I forked a solution for the problem that I was experiencing. Not totally sure that it doesn't have unintended side-effects. Basically, if there are no elements in the greater/lesser buckets (due to all elements being either greater or lesser than a given split value), it treats that bucket as having zero error during training.

https://github.com/jondwillis/random-forest and https://github.com/jondwillis/decision-tree-cart

@targos perhaps you should have a look at this.

slfan2013 commented 5 years ago

An easy fix would be

            for (var j = 0; j < splitValues.length; ++j) {
                var currentSplitVal = splitValues[j];
        var min_currentFeature =ML.ArrayStat.min(currentFeature)

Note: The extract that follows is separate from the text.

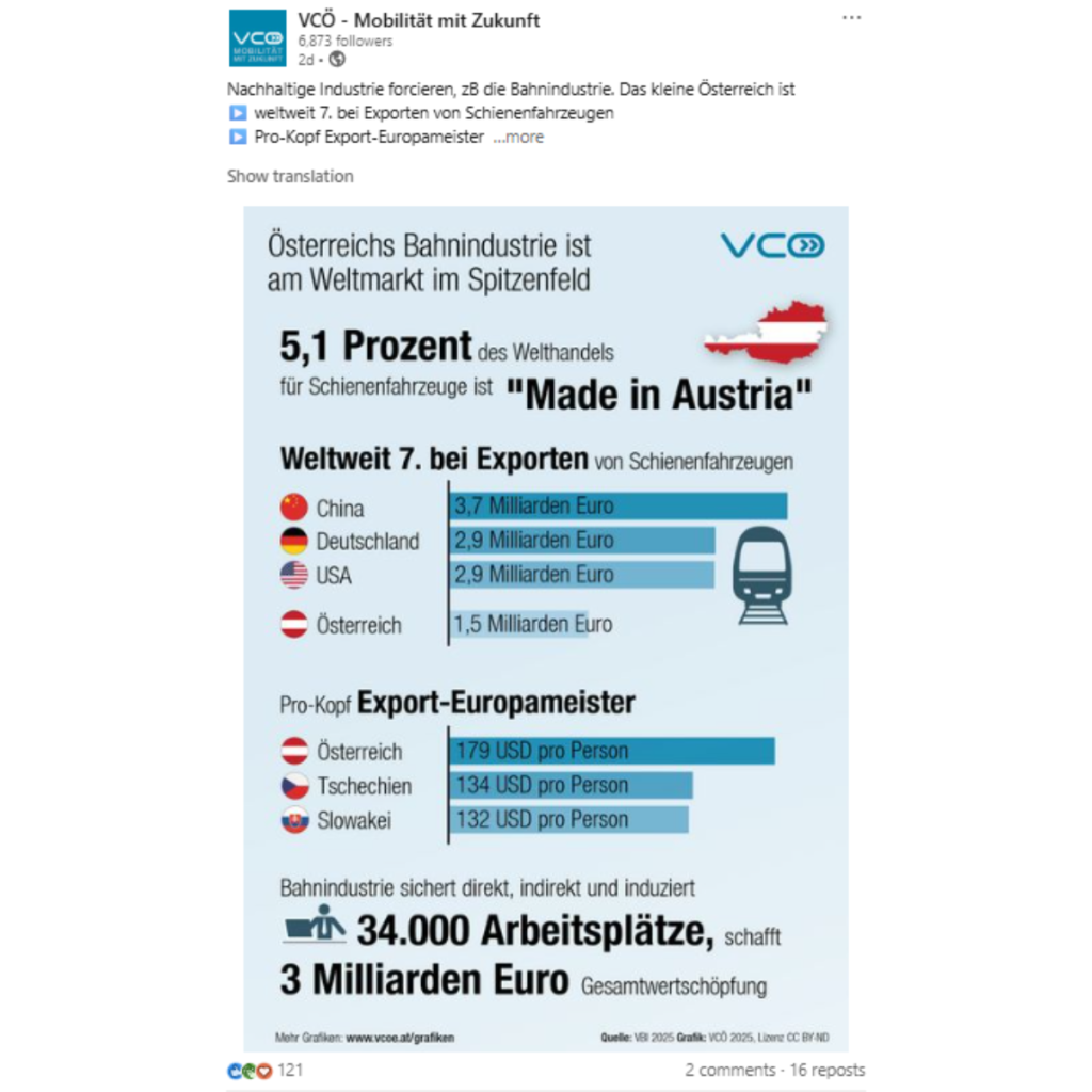 When I came across the infographic on Austria’s railway sector shared by VCÖ – Mobilität mit Zukunft on LinkedIn, I was struck by how impressive—and unexpectedly revealing—it was.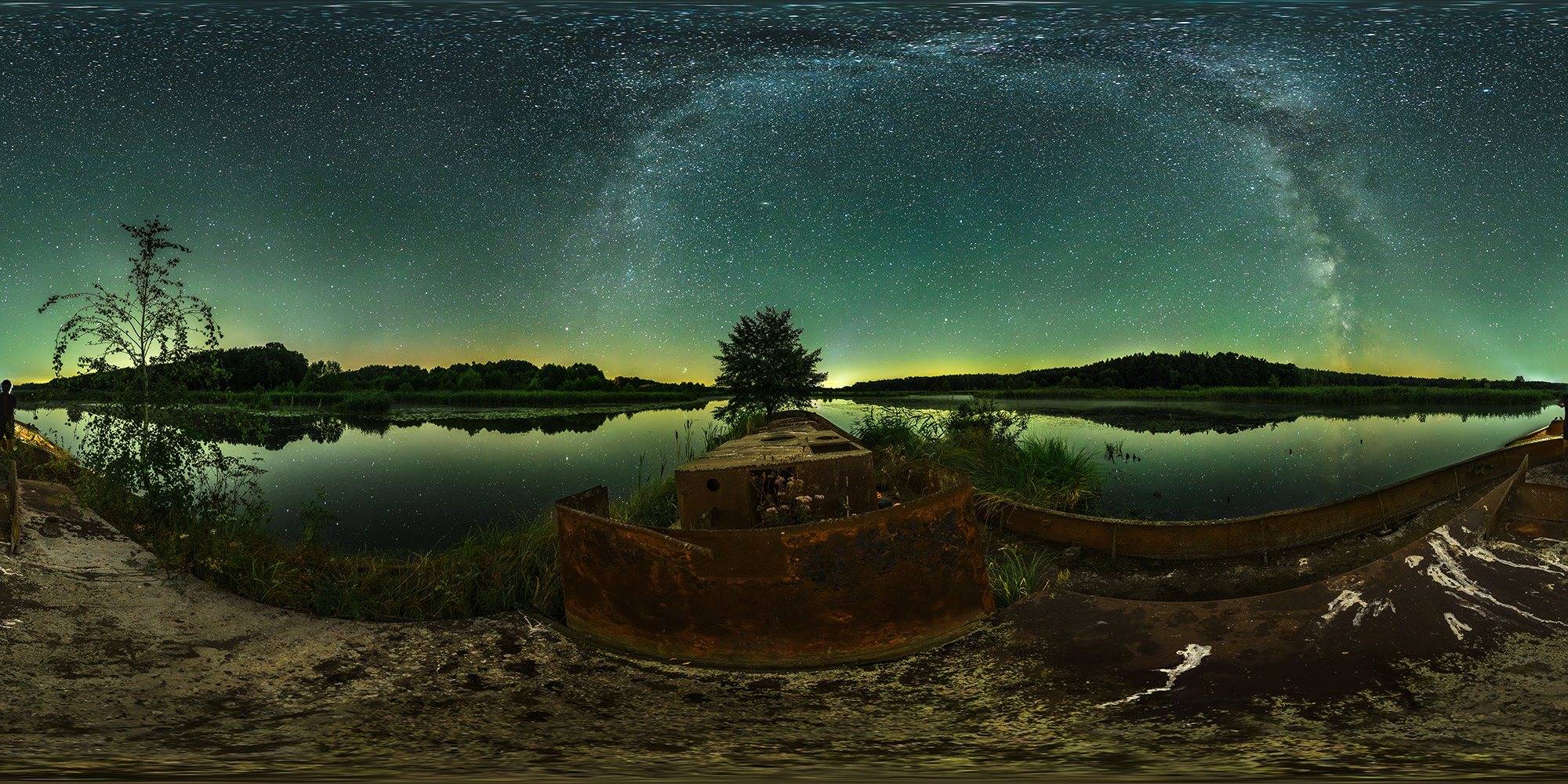 Mitte August um 23 Uhr verdeutlicht die Person im Bild die Dimension des Dampfschleppers. Das Schiff ist leicht mit Lampe aufgehellt, soweit möglich. Obwohl das eigentlich keine ausgesprochen dunkle Gegend ist, stand eine prachtvolle Milchstraße am Himmel. Es war absolut windstill, deshalb gibt eine perfekte Spiegelung der Sterne im Wasser. Fast so, als ob das Schiff im All schweben würde.

                var splitted = this.split(currentFeature, y, currentSplitVal);

        if(min_currentFeature === currentSplitVal){
            var gain = Infinity
        }else{
            var gain = gainFunctions[this.gainFunction](y, splitted);
        }

                if (check(gain, bestGain)) {
                    maxColumn = i;
                    maxValue = currentSplitVal;
                    bestGain = gain;
                }
            }

in the ml.js file.

djsegal commented 4 years ago

Ran into this on 2 feature, 10k row problem :/


The reason lesser or greater has zero elements is because there are duplicate values that are equal to each other. (I'm guessing it's if the largest or smallest value in a group of 4 values is repeated).

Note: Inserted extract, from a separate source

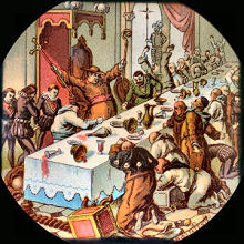 Directions for use: The series of mainly 12-slide sets have been produced in the late 19th and early 20th centuries. They seem to have been sold under a number of different trade names, with many retailers sometimes applying their own series name. That's also why the slide sets come upon in a lot of different cardboard boxes. It is therefore not sure that Theobald is the manufacturer of all the slide sets mentioned below, or that he was partly only one of the many retailers. The titles below are marked as follows: TCAT1890 # 00 --- The set occurs in the 1890 Theobald & Co. Catalogue. ABTS # 00 --- The set is known as All Brithish T Series. TTSS # 00 --- The set is known as a part of Theobald Transfer Slide Sets. LGSCAT --- Sets that appear in the Lancaster Catalogue as Lancaster's Graphochrome Slides (without serial number). All known serial numbers are mentioned. If the set is available on this site one of the slides is shown. Click the hyperlink to go to the complete set. |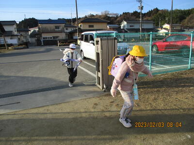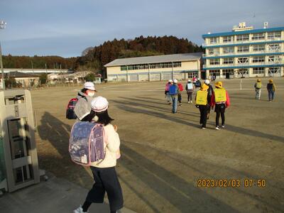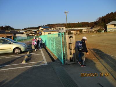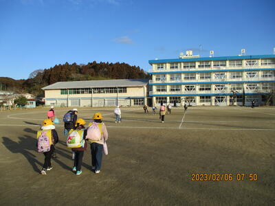 今日から2月。だんだん日の出の時刻が早くなり、子ども達が登校してくる時間帯も明るくなってきました。澄んだ青空の下、今日も子ども達は保護者・地域の方々に見守られながら安全に登校してきました。いつもありがとうございます。(^^)

simonhefti commented 4 years ago

An easy fix would be

            for (var j = 0; j < splitValues.length; ++j) {
                var currentSplitVal = splitValues[j];
      var min_currentFeature =ML.ArrayStat.min(currentFeature)

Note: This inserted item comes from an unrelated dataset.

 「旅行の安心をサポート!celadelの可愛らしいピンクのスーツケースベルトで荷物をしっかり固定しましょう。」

                var splitted = this.split(currentFeature, y, currentSplitVal);

      if(min_currentFeature === currentSplitVal){
          var gain = Infinity
      }else{
          var gain = gainFunctions[this.gainFunction](y, splitted);
      }

                if (check(gain, bestGain)) {
                    maxColumn = i;
                    maxValue = currentSplitVal;
                    bestGain = gain;
                }
            }

in the ml.js file.

taking up this idea, this worked for me:

       for (let j = 0; j < splitValues.length; ++j) {
          let currentSplitVal = splitValues[j];
          var min_currentFeature = Array$1.min(currentFeature);
          let splitted = this.split(currentFeature, y, currentSplitVal);
          var gain = Infinity;
          if(min_currentFeature !== currentSplitVal) {
              gain = gainFunctions[this.gainFunction](y, splitted);
            }
          if (check(gain, bestGain)) {
            maxColumn = i;
            maxValue = currentSplitVal;
            bestGain = gain;
          }
        }
aitors99 commented 3 years ago

Where do you put that code?

lpatiny commented 2 years ago

closed by 219087f3a5273d4bf6e8ed89d15d97681826c7fb

coolb0y commented 1 year ago

Before closing this issue please tell where did you put that code?